[The problem]: Here is a block of entries. Write out its lines exactly, from the first through the one containing "Condition: New with".

*** Begin section ***

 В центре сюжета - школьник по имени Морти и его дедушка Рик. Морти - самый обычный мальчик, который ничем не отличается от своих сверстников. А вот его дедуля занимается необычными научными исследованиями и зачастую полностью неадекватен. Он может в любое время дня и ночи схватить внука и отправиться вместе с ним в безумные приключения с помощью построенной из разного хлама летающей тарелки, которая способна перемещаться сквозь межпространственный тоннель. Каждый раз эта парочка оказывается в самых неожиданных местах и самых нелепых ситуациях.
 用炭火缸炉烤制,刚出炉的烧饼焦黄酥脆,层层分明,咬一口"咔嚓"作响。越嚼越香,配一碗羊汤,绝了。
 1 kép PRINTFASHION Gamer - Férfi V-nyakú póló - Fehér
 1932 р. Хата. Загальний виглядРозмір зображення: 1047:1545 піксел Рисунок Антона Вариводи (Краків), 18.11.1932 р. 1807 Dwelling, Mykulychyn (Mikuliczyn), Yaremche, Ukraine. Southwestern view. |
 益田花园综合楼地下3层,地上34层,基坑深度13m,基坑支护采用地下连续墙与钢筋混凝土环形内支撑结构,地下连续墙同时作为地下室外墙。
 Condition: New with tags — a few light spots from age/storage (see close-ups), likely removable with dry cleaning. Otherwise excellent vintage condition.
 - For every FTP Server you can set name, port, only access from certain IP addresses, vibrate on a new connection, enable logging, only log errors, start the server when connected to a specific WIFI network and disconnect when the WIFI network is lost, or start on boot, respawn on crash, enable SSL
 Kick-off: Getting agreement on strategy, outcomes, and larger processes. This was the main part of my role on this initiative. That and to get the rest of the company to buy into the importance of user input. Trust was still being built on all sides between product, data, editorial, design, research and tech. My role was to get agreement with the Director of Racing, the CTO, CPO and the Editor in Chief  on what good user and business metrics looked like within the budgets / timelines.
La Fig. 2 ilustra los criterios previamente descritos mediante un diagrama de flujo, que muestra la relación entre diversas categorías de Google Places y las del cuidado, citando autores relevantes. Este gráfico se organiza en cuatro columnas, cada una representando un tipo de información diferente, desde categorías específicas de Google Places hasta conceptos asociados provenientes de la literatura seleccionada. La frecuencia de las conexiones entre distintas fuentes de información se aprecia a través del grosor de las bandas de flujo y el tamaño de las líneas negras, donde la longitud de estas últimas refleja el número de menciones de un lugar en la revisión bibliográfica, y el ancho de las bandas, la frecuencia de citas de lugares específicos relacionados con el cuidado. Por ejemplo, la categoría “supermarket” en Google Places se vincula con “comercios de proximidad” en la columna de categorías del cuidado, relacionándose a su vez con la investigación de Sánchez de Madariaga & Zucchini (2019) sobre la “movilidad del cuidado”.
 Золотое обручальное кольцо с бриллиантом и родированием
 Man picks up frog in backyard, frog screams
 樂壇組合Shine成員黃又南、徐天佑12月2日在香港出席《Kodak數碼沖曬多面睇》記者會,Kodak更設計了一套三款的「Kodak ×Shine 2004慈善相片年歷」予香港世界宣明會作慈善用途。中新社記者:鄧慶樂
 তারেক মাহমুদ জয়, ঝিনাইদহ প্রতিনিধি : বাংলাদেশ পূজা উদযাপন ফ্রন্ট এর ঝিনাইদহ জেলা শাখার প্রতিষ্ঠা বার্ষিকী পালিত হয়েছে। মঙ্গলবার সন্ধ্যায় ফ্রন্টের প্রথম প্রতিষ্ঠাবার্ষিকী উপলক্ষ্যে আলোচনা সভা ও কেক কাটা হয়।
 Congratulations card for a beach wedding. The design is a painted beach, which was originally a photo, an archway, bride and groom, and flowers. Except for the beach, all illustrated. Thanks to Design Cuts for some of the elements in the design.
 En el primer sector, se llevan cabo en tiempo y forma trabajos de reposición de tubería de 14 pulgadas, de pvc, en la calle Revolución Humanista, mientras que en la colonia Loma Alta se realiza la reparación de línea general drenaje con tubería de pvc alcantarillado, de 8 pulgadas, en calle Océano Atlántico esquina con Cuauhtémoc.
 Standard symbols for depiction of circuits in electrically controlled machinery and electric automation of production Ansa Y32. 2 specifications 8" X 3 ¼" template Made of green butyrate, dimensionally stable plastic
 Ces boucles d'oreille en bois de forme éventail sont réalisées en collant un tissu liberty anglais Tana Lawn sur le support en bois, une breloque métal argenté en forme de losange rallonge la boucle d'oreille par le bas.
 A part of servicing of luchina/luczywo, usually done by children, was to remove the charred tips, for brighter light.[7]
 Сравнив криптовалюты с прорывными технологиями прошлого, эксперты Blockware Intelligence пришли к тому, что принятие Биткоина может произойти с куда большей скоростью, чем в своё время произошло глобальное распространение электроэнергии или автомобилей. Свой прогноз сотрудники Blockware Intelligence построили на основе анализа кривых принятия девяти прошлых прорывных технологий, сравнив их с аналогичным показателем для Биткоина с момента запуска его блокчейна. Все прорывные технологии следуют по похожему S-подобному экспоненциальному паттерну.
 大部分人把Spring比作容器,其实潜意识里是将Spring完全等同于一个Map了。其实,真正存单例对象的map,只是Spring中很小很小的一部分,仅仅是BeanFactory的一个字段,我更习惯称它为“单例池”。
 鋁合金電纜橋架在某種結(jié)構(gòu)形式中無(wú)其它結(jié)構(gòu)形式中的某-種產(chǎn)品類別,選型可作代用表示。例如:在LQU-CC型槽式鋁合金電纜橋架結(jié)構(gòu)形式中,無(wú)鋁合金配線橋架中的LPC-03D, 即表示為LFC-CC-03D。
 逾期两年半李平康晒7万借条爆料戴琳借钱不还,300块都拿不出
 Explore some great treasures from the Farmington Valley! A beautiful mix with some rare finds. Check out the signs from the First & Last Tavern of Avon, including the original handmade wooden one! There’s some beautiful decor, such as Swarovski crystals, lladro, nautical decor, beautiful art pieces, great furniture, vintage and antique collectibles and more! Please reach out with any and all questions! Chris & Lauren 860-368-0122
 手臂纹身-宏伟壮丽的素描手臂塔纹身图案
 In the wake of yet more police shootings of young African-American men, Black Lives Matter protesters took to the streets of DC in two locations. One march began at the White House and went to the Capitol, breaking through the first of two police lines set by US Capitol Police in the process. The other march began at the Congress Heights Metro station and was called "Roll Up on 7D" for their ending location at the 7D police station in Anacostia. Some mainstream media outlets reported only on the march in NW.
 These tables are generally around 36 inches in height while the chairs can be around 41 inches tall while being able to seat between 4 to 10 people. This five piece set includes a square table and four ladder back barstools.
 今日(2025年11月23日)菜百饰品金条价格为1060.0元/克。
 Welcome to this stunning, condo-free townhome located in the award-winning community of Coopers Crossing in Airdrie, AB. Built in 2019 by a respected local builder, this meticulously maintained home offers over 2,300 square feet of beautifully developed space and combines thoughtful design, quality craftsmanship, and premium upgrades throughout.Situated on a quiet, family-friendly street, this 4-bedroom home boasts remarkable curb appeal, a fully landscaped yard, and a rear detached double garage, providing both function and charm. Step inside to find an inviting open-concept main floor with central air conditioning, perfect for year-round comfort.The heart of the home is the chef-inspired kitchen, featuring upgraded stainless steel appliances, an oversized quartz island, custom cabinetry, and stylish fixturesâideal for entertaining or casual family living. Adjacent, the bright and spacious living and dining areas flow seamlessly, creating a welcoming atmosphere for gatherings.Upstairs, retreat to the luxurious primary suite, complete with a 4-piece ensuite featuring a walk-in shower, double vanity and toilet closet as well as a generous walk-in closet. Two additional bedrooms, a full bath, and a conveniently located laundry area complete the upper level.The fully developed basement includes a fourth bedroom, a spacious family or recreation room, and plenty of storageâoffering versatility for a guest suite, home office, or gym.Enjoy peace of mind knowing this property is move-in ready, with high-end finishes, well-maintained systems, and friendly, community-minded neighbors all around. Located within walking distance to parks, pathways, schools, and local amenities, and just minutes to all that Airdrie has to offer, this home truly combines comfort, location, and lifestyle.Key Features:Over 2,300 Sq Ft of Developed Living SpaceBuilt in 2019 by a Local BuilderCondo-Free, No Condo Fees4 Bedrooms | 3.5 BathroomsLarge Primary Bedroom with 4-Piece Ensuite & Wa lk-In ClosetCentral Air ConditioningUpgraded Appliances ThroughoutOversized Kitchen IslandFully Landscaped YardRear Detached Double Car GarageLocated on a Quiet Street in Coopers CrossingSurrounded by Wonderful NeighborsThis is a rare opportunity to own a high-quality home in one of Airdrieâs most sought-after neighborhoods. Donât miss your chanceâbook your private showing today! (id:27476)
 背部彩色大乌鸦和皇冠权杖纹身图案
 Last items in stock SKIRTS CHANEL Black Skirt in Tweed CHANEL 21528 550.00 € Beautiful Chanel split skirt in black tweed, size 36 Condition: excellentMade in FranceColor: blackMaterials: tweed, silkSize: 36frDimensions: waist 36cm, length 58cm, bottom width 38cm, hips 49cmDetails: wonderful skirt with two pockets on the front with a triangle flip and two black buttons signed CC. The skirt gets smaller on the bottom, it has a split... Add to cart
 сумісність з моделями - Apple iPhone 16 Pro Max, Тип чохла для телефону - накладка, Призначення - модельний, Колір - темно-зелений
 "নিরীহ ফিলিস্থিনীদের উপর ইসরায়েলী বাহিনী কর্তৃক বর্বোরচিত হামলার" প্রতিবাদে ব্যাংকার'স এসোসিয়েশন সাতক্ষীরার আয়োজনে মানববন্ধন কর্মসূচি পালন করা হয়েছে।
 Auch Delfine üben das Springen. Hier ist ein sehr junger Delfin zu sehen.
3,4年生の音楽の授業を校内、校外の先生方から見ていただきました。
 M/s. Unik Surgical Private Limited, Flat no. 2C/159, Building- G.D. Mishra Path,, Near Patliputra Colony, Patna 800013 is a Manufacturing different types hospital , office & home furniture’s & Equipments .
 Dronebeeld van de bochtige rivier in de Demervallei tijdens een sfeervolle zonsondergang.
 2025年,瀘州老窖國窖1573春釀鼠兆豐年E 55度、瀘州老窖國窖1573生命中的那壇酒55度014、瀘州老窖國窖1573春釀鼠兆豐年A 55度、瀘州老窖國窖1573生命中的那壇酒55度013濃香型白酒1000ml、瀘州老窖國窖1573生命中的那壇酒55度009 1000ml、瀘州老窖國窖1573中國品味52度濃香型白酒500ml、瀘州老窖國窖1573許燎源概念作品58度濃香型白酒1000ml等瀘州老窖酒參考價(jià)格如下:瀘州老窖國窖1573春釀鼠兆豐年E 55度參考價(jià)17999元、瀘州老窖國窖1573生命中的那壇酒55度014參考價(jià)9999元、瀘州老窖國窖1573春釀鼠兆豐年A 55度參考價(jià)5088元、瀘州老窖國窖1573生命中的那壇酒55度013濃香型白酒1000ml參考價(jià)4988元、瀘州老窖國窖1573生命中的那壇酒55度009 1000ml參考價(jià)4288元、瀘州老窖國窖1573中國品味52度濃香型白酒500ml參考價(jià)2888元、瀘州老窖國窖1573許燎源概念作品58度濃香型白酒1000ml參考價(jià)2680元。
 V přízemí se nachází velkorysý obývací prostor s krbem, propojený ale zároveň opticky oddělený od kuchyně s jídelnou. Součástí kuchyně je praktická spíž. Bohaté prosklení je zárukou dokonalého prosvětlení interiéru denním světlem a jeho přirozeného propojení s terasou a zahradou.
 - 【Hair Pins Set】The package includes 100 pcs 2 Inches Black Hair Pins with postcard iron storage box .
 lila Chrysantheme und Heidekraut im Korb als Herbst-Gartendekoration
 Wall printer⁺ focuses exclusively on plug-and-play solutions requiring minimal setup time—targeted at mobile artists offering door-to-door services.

*** End section ***

[Answer for the task]:
 В центре сюжета - школьник по имени Морти и его дедушка Рик. Морти - самый обычный мальчик, который ничем не отличается от своих сверстников. А вот его дедуля занимается необычными научными исследованиями и зачастую полностью неадекватен. Он может в любое время дня и ночи схватить внука и отправиться вместе с ним в безумные приключения с помощью построенной из разного хлама летающей тарелки, которая способна перемещаться сквозь межпространственный тоннель. Каждый раз эта парочка оказывается в самых неожиданных местах и самых нелепых ситуациях.
 用炭火缸炉烤制,刚出炉的烧饼焦黄酥脆,层层分明,咬一口"咔嚓"作响。越嚼越香,配一碗羊汤,绝了。
 1 kép PRINTFASHION Gamer - Férfi V-nyakú póló - Fehér
 1932 р. Хата. Загальний виглядРозмір зображення: 1047:1545 піксел Рисунок Антона Вариводи (Краків), 18.11.1932 р. 1807 Dwelling, Mykulychyn (Mikuliczyn), Yaremche, Ukraine. Southwestern view. |
 益田花园综合楼地下3层,地上34层,基坑深度13m,基坑支护采用地下连续墙与钢筋混凝土环形内支撑结构,地下连续墙同时作为地下室外墙。
 Condition: New with tags — a few light spots from age/storage (see close-ups), likely removable with dry cleaning. Otherwise excellent vintage condition.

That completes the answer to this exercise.